Philip advises companies and individuals on SEC enforcement matters, including criminal enforcement investigations, internal investigations, and cryptocurrencies and blockchain technology.

Philip has extensive experience with securities enforcement matters. For more than a decade prior to entering private practice, he served as senior counsel in the SEC’s Division of Enforcement, investigating and prosecuting complex matters involving violations of the federal securities law.

Before being employed with Seward & Kissel LLP you were a member of the SEC’s Cyber Unit which focused on cryptocurrencies and ICOs. How were you initially recruited for this Cyber Unit?

I started in the SEC’s Enforcement Division in 2008 and began working on Bitcoin and cryptocurrency-related matters about five years prior to the creation of the SEC Cyber Unit. I brought the SEC’s first Bitcoin-related enforcement action against the operator of Bitcoin Savings & Trust and led other cryptocurrency-related matters as well. I briefed Chair Mary Jo White and the other Commissioners, and frequently conducted training for the FBI, FINRA, and others, on Bitcoin and blockchain technology. I also presented in academic settings on my work.  So, when the Cyber Unit was formed in 2017, with a mandate that included cryptocurrencies and ICOs, I was a natural fit.

 

How did the action against ‘Bitcoin Savings and Trust’ influence future enforcement actions by the SEC?

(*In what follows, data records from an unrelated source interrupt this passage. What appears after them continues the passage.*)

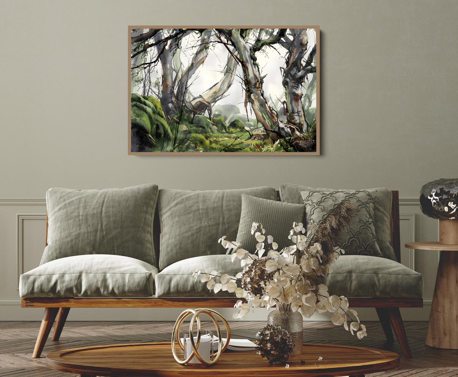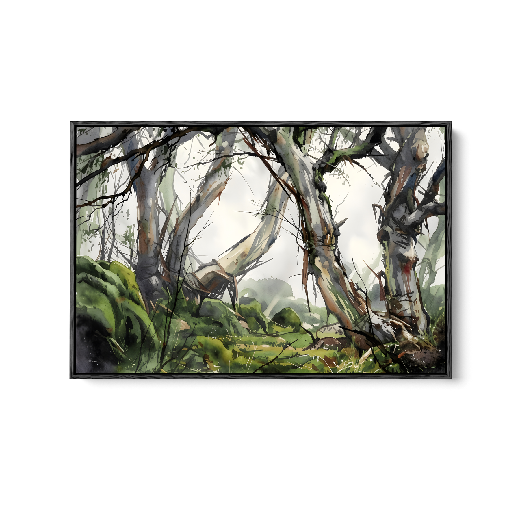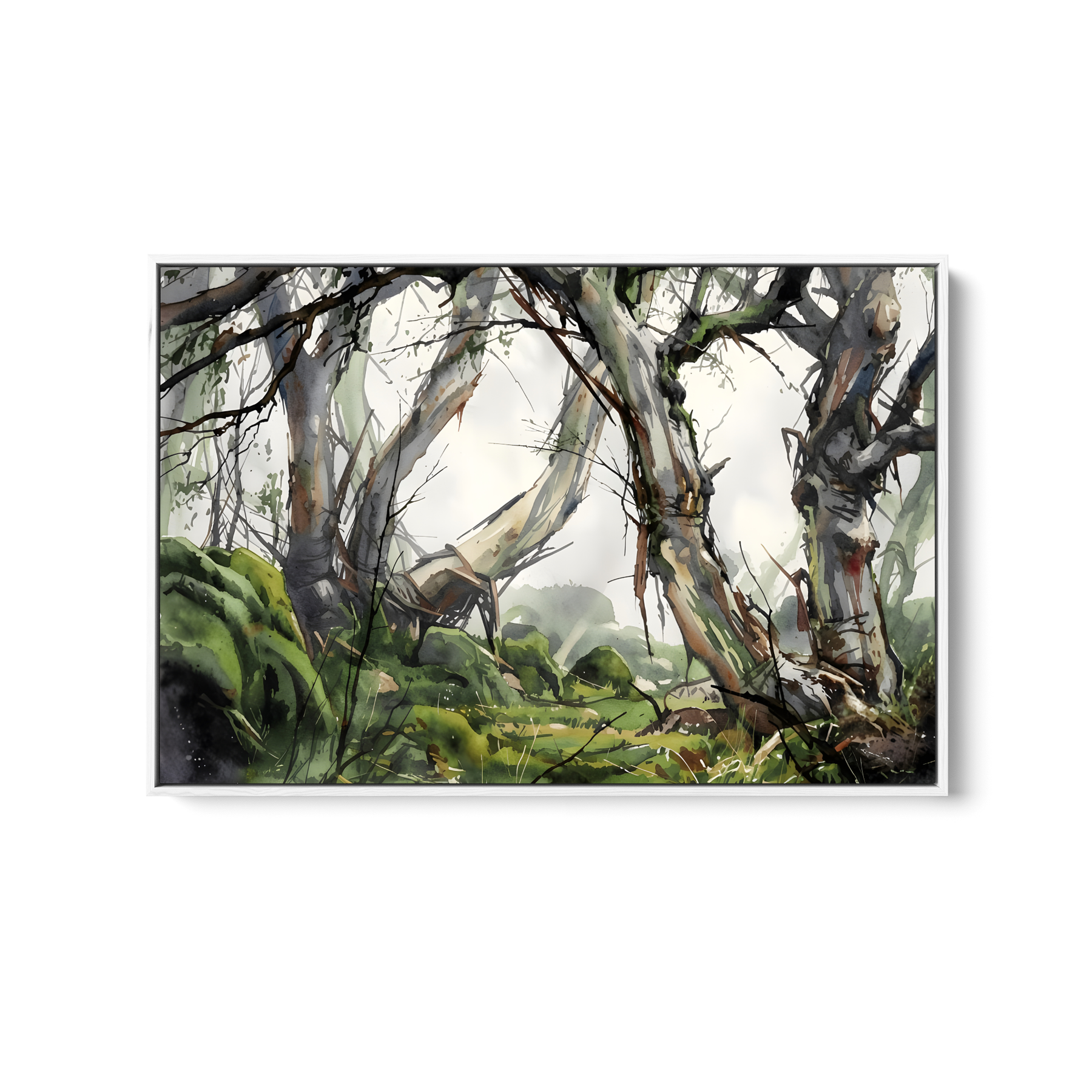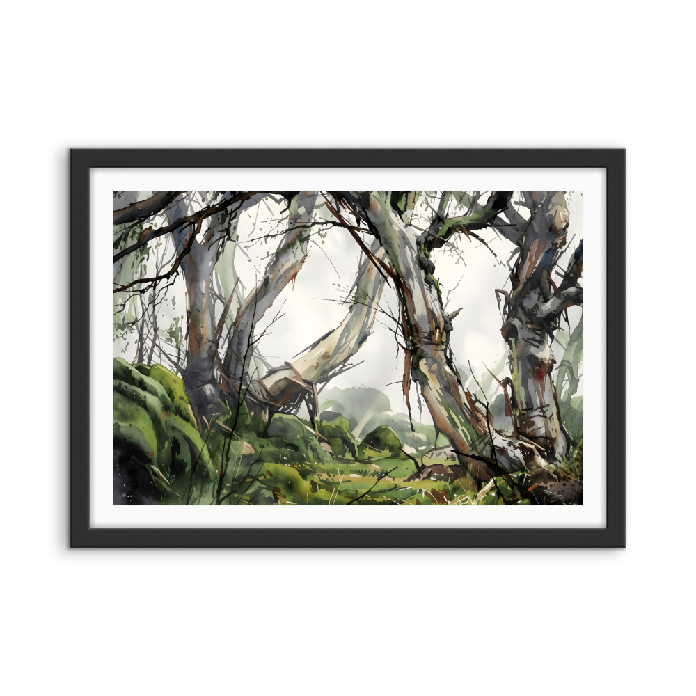 This beautiful wall art piece features the gentle green and grey tones of an Australian bush setting after rain.
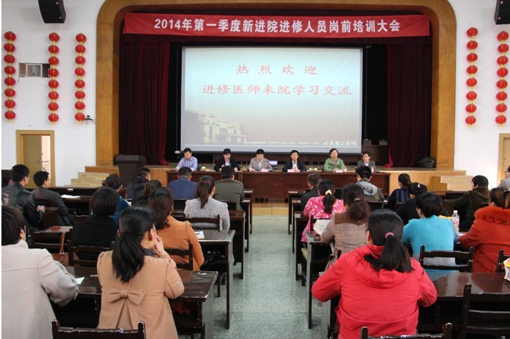 3月17日-19日,医务部组织了为期3天的“山东省立医院2014年第一季度进修人员岗前培训大会”,医院副院长、党委委员王玉林,工会主席、党委委员卢宝彦出席岗前培训开班仪式,医务部负责人曹铭锋主持会议。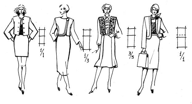 Для фигур невысокого роста, для полных фигур пропорции выбираются таким образом, чтобы центр тяжести силуэта визуально казался выше (рис. 7). Так, для стройной фигуры маленького роста рекомендуется короткий костюм в пропорции 1/1. Особенно эффектен этот костюм, если жакет и юбка одного цвета. На узко сложенных женщинах короткие жакеты-спенсеры контрастируют с нижней частью тела и создают иллюзию длинных ног. Соотношение 3/5 и 1/1, когда юбка достигает середины колена, является удачным вариантом для широкосложенных фигур невысокого роста.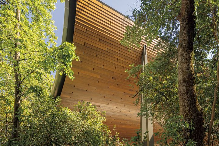 その〈CAM〉が、3年にわたる大規模改修を経て一新。今年2024年9月にお目見えした新棟を監修したのは、ご存じ隈研吾だ。全長100mの“エンガワ”が来訪者の目を奪う。隈いわく、「建築と自然が調和するシームレスな融合」。日本の木造家屋の特徴である縁側特有の、外と中の間のような曖昧な空間を、西洋の文脈で再構築した。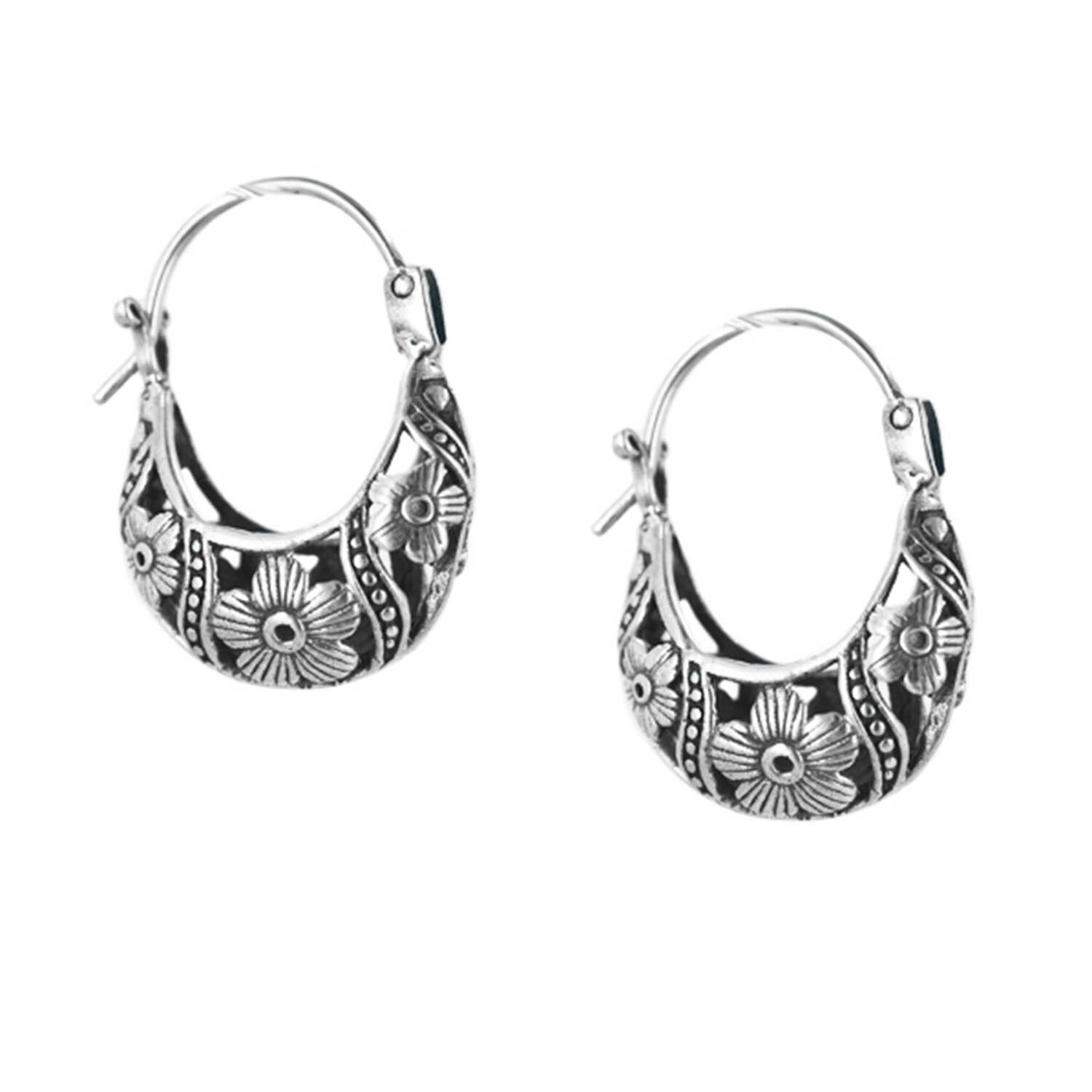 Bali Sterling Silver Floral Basket Hoop Earrings

Bitcoin Savings and Trust, which raised a staggering 700,000 Bitcoins from investors, was charged as a plain vanilla Ponzi scheme, with the exception that all investments were solicited, and purported returns paid, in bitcoins. But it was notable for several reasons. First, it established that the investment of Bitcoins could satisfy the “investment of money” prong of the test for an investment contract, otherwise known as the Howey test. Second, it demonstrated that the SEC could conduct a flow-of-funds analysis on the Bitcoin blockchain. While we could not demonstrate where every Bitcoin came from or went, we could show that more Bitcoins were going out to investors than came into Bitcoin Savings and Trust from any source other than investors, thereby proving the Ponzi. Third, we did not take the position that Bitcoin itself was a security. And finally, the case was significant for the disgorgement theory advanced by the SEC, namely, that the disgorgement ordered by the court should reflect the dramatic increase in the value of Bitcoins from the time the investors handed their Bitcoins over to the defendant, to the date of the judgment. The Bitcoins the defendant raised from investors were worth about $4.5 million at the time, but the final judgment against the defendant was for more than $40 million in disgorgement and penalties.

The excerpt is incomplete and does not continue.